Shlomo Filber, the state witness in the case against Prime Minister Benjamin Netanyahu, on Sunday filed a lawsuit against senior officials in the law enforcement system. In the lawsuit, he claimed he endured "abuse and humiliation" during the investigation. The following details might prove disturbing.
Filber alleges that he was sexually assaulted during a search of his private areas conducted by a prison officer. The lawsuit, in which he demands over $1.6 million in compensation, was filed against several individuals, including former Attorney General Avichai Mandelblit, former State Attorney Shai Nitzan, Deputy State Attorney Liat Ben-Ari, and the prosecutor in the case, Yehudit Tirosh.
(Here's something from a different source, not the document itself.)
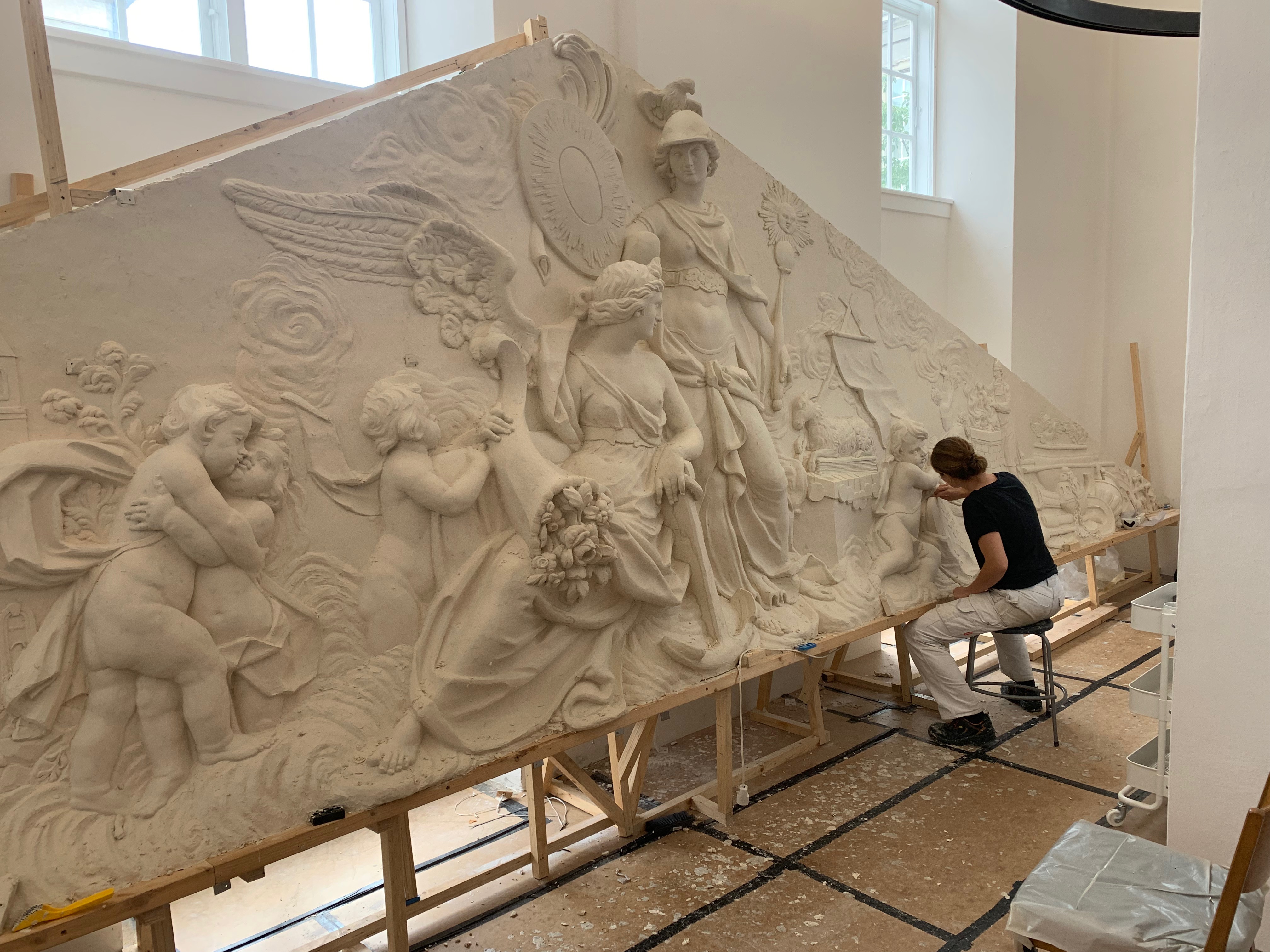 Restaureringen af frontispicerne af Johann Christoph Petzold på Nicolai Eigtveds bygning fra 1757. Relieffet bevæger sig fra basrelief i baggrunden og næsten op til rund-skulptur i hovedmotivet. Opstramning og artikulering af hele overfladen efter kraftig erosion. Stilistisk har vi arbejdet med den sene rokokostil med særlig opmærksomhed på Petzold ́s tydelige grafiske forvaltning af flader og planskift.

Filber’s attorneys detailed in the lawsuit: "During his arrest and interrogation, particularly in the stages leading up to his signing of the state witness agreement, the defendants subjected Filber to seven circles of hell in a severe campaign of abuse. This culminated in a brutal act of sodomy committed by a prison officer at Hadarim Prison the night before he signed the agreement."
According to Filber's lawsuit, the assault, which he also testified about during Netanyahu’s trial, was "the result of premeditated planning and was deliberately carried out with the involvement of all the defendants, aiming to crush his dignity, humiliate him, and break his spirit."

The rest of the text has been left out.